Die Abstimmung bei der ordentlichen Mitgliederversammlung des Ligaverbandes am Donnerstag in Frankfurt/Main hatte das eindeutige Resultat gebracht. Die erforderliche Zweidrittel-Mehrheit stimmte für die technische Unterstützung der Schiedsrichter. Laut Ligapräsident Reinhard Rauball sprachen sich 15 Erstligisten dafür aus.

Bei der Frage nach dem System hat sich der Ligavorstand nach einer Empfehlung der Deutschen Fußball Liga (DFL) für das aus dem Tennis bekannte britische Hawk-Eye-System entschieden. Die Technik soll zu Beginn der Saison 2015/2016 eingesetzt werden.

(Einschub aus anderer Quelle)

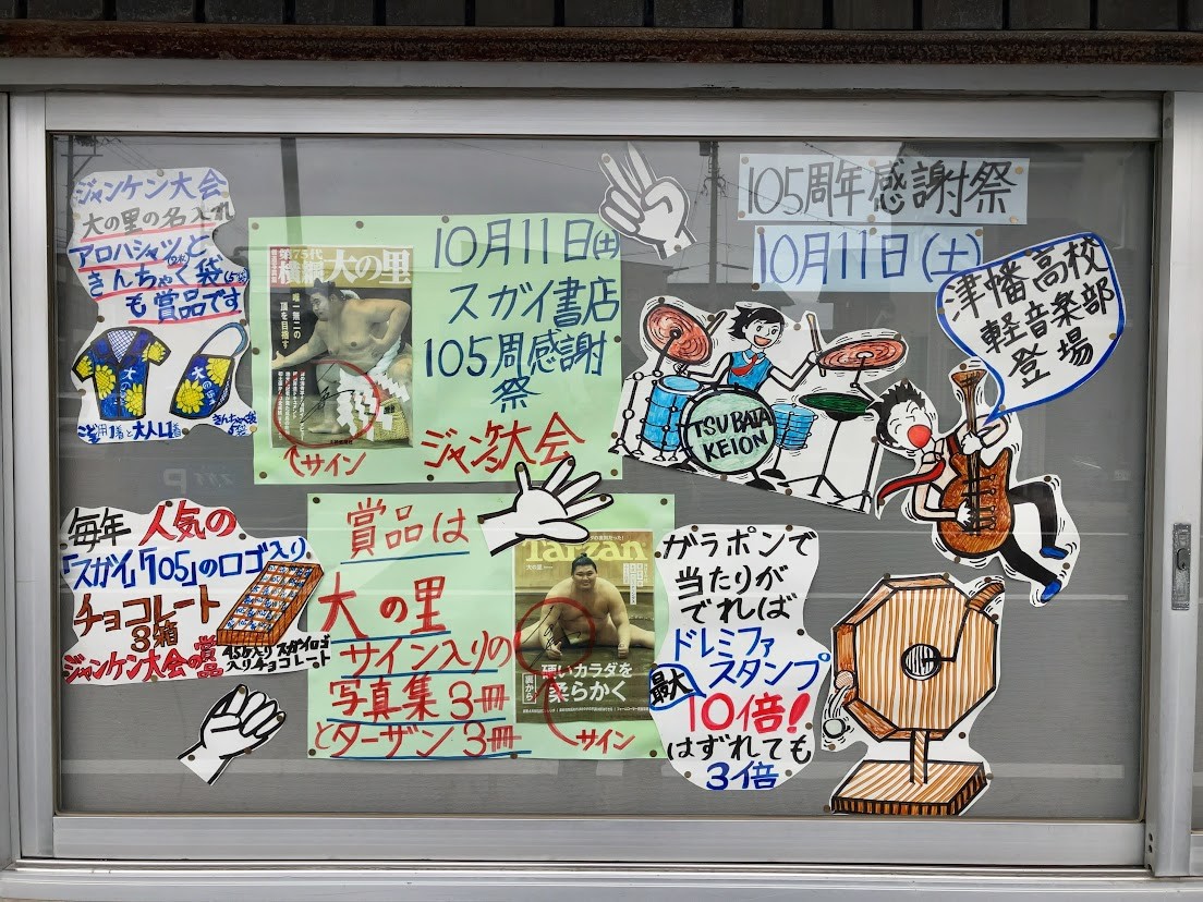 スガイ書店は、大正9年(1920年)創業。なんと105年もの歴史を持つ、津幡町にとってなくてはならない存在です。私がお店に到着すると、まず目に飛び込んできたのは「祝105周年」と書かれた手作りの温かいメッセージでした。

„Eine Art Risikoabsicherung“

„Die Fußballwelt hat sich ein wenig gewundert, warum gerade Deutschland die neue Technik bisher nicht eingeführt hat.“ Christian Seifert hatte deshalb auch angekündigt für die Torlinientechnik stimmen. Der Vorsitzende der Geschäftsführung der Deutschen Fußball Liga (DFL) sieht sie als „eine Art Risikoabsicherung“.

Der erste Antrag im März war durchgefallen. Nur neun Erstligisten und drei Zweitligisten votierten dafür. Damals sagte Liga-Präsident Reinhard Rauball, das Thema habe sich vorerst erledigt. Doch da konnte das Oberhaupt von Borussia Dortmund nicht wissen, dass sein Verein bald Opfer einer gravierenden Fehlentscheidung werden würde. Im DFB-Pokalfinale hatte Dortmunds Mats Hummels das 1:0 geköpft. Verteidiger Dante vom FC Bayern München klärte hinter der Linie. Aber was eine Kamera hätte aufdecken können, blieb den Schiedsrichtern verborgen. Am Ende gewann der Rekordmeister mit 2:0 nach Verlängerung. Profiteur FC Bayern beantragte anschließend, die Bundesliga wie in der englischen Premier League mit der Torlinientechnologie auszustatten.

Nur Bundesliga und Pokal ab Viertelfinale

Die DFL startete im September eine Ausschreibung und stellte nun konkrete Systeme und Kosten vor. Abgestimmt haben allein die 18 Erstligisten, denn beim zweiten Anlauf wäre nur die Bundesliga – und der DFB-Pokal ab Viertelfinale – betroffen. 

Schiedsrichter-Chef Herbert Fandel hatte betont, dass seine Gilde sich diese Unterstützung wünscht. Referee Felix Brych beispielsweise ist vorbelastet, wurde Opfer des „Phantomtores“ von Stefan Kießling, als in Sinsheim das Spielgerät von außen ins Tor schlüpfte. Doch viele Klubs scheuen die Kosten, die sich auf mehrere Hundertausende Euro belaufen.  Die nötige Zweidrittelmehrheit gilt nicht als sicher, in einer Liga, die Jahr für Jahr Spielerberatern rund 100 Millionen Euro überweist.